You can't change the past, but you can change how you respond to it.

Sounds rather profound.  It wasn't meant to be, but it's so true.  As I work with family histories I find stories we wish to remember and cherish, and ones we wish hadn't happened and would give just about anything to undo them.  But we can't!  Even as we try to forget those nightmares, they remain a part of us, either as a reoccurring pain or the basis for a better future.

The past is long, billions of years; the future is also long, maybe more billions of years.  My personal past is more like 80 years and my future far less than that.  The present is the shortest; one moment it's the future and the next it's the past.  The present is what we experience.  It's now.  Even as I write this, the word that I just wrote in the moment that I wrote it can never happen again.  It's the last time that moment will happen.  That's where the title "Last" was born.

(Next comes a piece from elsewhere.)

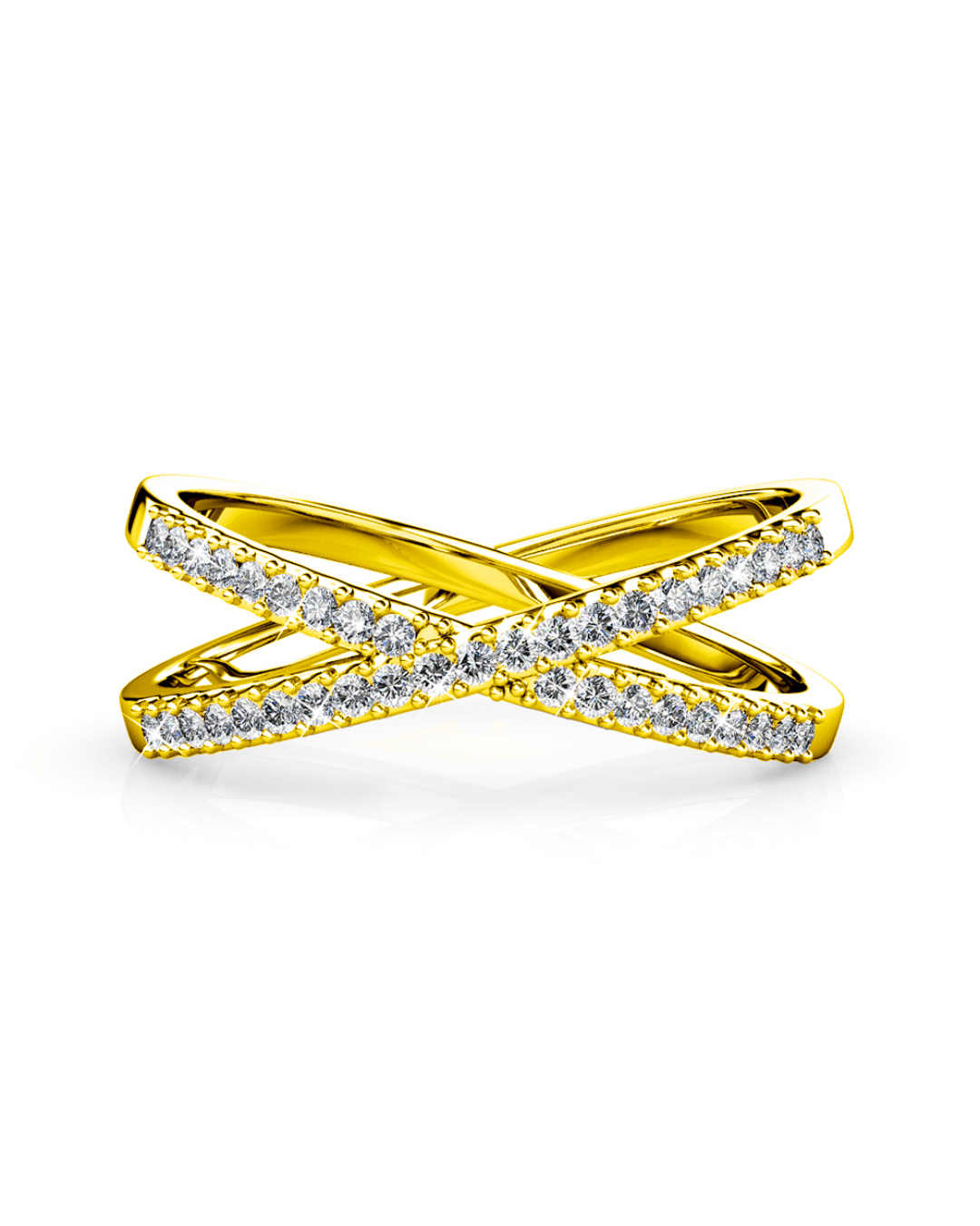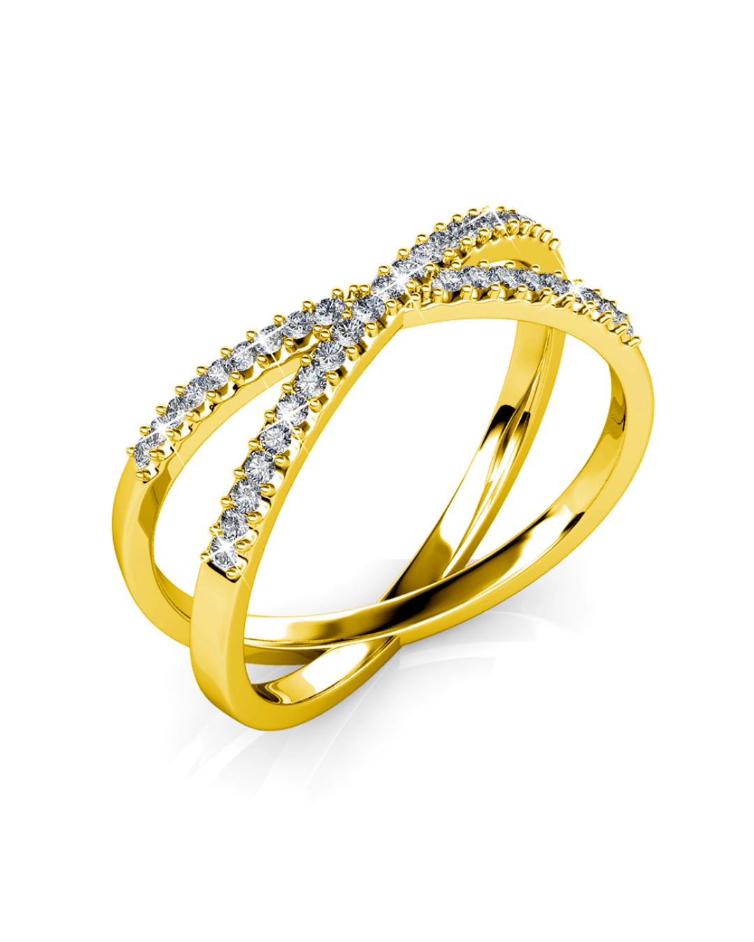 This graceful fashion ring embellished with genuine Crystals from SWAROVSKI® is intricately fashioned with a cross-band design. Half of the band is studded with multiple pave-set crystals. Crafted from highly polished 18K Gold plated alloy, this ring is a stunning addition to your casual or formal wear.
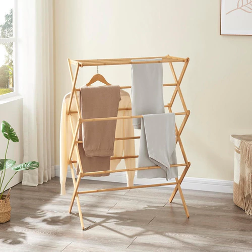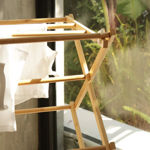 Secá tu ropa de manera práctica, eficiente y con estilo usando este tendedero plegable de bambú. Ideal para interiores y exteriores, combina resistencia, amplitud y ahorro de espacio.

A year and a half ago, I celebrated my 80th birthday for the last, and only, time.  About three years ago was the last time I talked to Ken, Gail's brother, and his wife Sally.  They both died this year.  The same is true for Tina's mother.  More recently, last week, a long time friend breathed his last.  It's hard to accept the reality that I will never again talk to any of these dear people again earth.

It may be the last, but it's not the end.  It's been said before, probably many times in many different ways, when one door closes another opens, or when something ends something else begins.  Hence, I will live today and each day as if it's your last time to connect to others.  Happy Holiday Season!!